Oh, I remember very, very clearly. You came in the gates at the front. And in there you had one, two, three huts next to each other. Then you went by them and you got another three huts. And some o’ them were doubled, as in half a hut. And a full hut. And then when you went by them. You went doon a wee hill and there was a bridge specially built that looked brand new tae me. But it wisnae a’ big…It was only aboot four feet, five feet broad. An aboot ten feet long. It took you over the wee burn that was there. And it took you up the other side. There was one, two, three, four. Another four huts. You went along a kind a, flat bit. And it was a hut there on yer right. Two on yer left. And then another one straight on. And that’s the one that my uncle stayed in. Before that, there was over to yer left…there was other huts. But eventually they done away wi’ a’ them. Ah dunno why but they…maybe four o’ them five of them, just seemed tae pull ‘em doon. And that was the size o’ the camp. Wasnae a lot of people in it…eventually…Eh, I dunno, aboot ten, twelve families.
Brilliant, eh, plenty a room tae run aboot. Enjoy masel. Have fun. And there was a farm back tae back on it…We used tae go in there and steal the potatoes and the turnips.
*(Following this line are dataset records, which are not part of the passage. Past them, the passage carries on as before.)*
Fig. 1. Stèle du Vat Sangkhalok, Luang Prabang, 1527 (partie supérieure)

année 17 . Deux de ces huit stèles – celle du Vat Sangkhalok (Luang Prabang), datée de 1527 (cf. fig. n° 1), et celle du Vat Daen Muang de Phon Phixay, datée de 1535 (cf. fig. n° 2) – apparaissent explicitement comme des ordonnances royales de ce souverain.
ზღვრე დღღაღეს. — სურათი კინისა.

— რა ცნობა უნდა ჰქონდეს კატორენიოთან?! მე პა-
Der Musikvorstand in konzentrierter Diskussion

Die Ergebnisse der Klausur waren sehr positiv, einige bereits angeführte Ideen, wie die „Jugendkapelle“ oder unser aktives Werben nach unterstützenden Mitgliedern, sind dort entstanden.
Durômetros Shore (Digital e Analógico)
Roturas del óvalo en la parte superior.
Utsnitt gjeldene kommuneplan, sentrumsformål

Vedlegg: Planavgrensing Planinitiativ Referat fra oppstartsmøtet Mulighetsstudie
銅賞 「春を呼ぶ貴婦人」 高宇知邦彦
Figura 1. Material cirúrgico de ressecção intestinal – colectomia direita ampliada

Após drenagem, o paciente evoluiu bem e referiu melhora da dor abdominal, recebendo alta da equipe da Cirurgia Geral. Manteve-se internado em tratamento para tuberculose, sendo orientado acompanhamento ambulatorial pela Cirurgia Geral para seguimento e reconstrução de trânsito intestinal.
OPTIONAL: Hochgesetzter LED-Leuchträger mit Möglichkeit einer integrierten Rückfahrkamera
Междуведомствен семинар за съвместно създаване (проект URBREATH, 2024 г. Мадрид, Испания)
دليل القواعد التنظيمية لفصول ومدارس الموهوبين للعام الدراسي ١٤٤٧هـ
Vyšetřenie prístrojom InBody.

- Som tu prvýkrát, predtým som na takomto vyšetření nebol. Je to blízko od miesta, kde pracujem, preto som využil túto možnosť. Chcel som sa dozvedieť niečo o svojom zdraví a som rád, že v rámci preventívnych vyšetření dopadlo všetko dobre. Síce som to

We have evidence that there were tilly lamps in the huts. Robert Thomson remembers these and also when electricity was being introduced to the huts. It is unclear who made the improvements:

Eh, the washing…we had a big white sink… When we went in, at first, we didnae have any water...we didnae have any lights in it. We didnae have any heating tae start aff wi’. And then, I dunno whether the council or who it was…but they put lights in it, and they put water in it. Wisnae hot water. It was always cauld water. And you had to boil up any hot water you wanted.

Oral testimony suggests that there were a few more conveniences at the camp than Commander Galbraith mentioned, though it is unclear when improvements were made. Raymond Barnes remembers the large communal bath at the camp:

No - there was only one… one hut. On the far side there were three huts, in the middle one was a communal bath, a big bath in it…and that was there when we were there but nobody ever lived in that one, y’know. Because that was a communal bath and that, maybe the prisoners… when they came off playing a game of football or something like that, they just went right into, just jumped into the bath.
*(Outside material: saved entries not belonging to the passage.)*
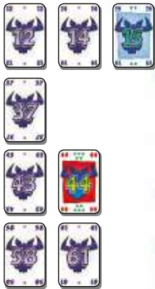
Fig. 2 : les 4 séries après le 1 er tour.

Le 14 est la carte la plus faible. C'est elle qui sera la 1 re à être déposée dans une série. Selon la règle n°1, elle ne peut être déposée que dans la 1 re série, derrière le 12 . De même pour le 15 . Selon la règle n°1, la carte 44 peut être déposée aussi bien dans la 1 re , que dans la 2 e ou la 3 e série. Mais, d'après la règle n°2, la règle de la plus petite différence, elle doit aller dans la 3 e série. D'après la règle n°2, la carte 61 doit être déposée dans la 4 e série.
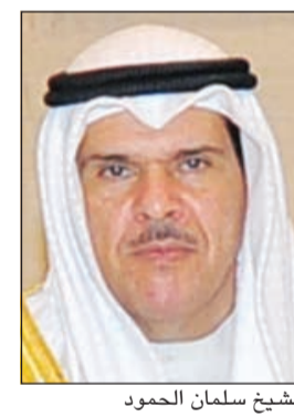
الشيخ سلمان الحمود

والإسلامية فقدت أحد فرسانها وقادتها الكبار الذين حملوا أمانة المسؤولية على مدى عقود ففكر وعمل واتسم بالصدق والحق والعدل وشجاعة الكلمة والموقف ما كان له الأثر البالغ والفعال في رفعة شأن المملكة العربية السعودية الشقيقة اقليمياً ودولياً وتوثيق عرى التعاون الخليجي والعربي والعالمى.
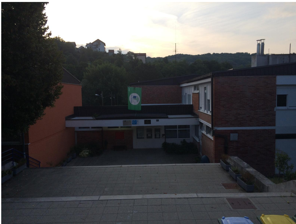
Sl. 25. OŠ Čučerje (fotografirano 17. 8. 2024.)

OŠ Antuna Mihanovića (sl. 26) izgrađena je 1973. godine. Zgrada je obnovljena. Dogradnja škole započela je u školskog godini 2017./2018. i radovi su završeni 2018. godine. Poslovi koji su obavljani: zamjena prozora, adaptacija sanitarnih čvorova, uređenje školskog igrališta. U planu je obnova hidrantske mreže. Učionice su dobro didaktički opremljene. U školi se nalazi jedna učionica za geografiju i jedna učionica za povijest, kao i suvremena informatička učionica s 30 računala. Škola raspolaže sa 45 stolnih i 52 prijenosna računala te 290 tableta za učenike. Sve učionice imaju mogućnost korištenja IKT tehnologije.
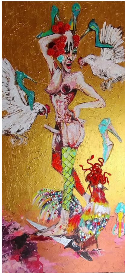
Artista: Guillermo Correa. Acrílico sobre lienzo y bisutería. 90 x 160cms
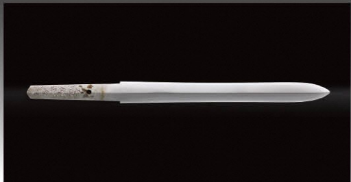
剣/天田昭次・収貞 合作 平成元年八月日

Phil Wilson remembers the wash house and the toilets at the camp:

The outside toilets near the entrance, which we were not allowed to go to after dark, for obvious reasons. The wash house was at the top end of the camp, where the women gathered on wash day for a bit of a natter, with all the white sinks in a line.

Robert Thomson remembers the toilets at the camp:

The toilets, oh, there was a multiple o’ toilets. ‘Coz, where we stayed there was a big hut. And in there was maybe twenty cubicles. We could just use whichever one we wanted. And that’s where yer toilets were. Never had any inside toilets. And that was the toilets that we used. So that was the ones that the prisoners o’ war used.

Our respondents also have some memories of the stoves in the huts. One talks about how these had been there since the camp’s days as an army training camp for the Pioneer Corps:

What I remember of the hut was the black range, which my mother used to take great pride in cleaning. My bed was the first on the right on entering the hut. When I was in bed, I was unable to move with all the blankets and coats piled on me! With no toilets in the huts, it was the potty under the bed, and I never wanted to get out of bed to use it, especially when I was nice and toasty under all the bed coverings.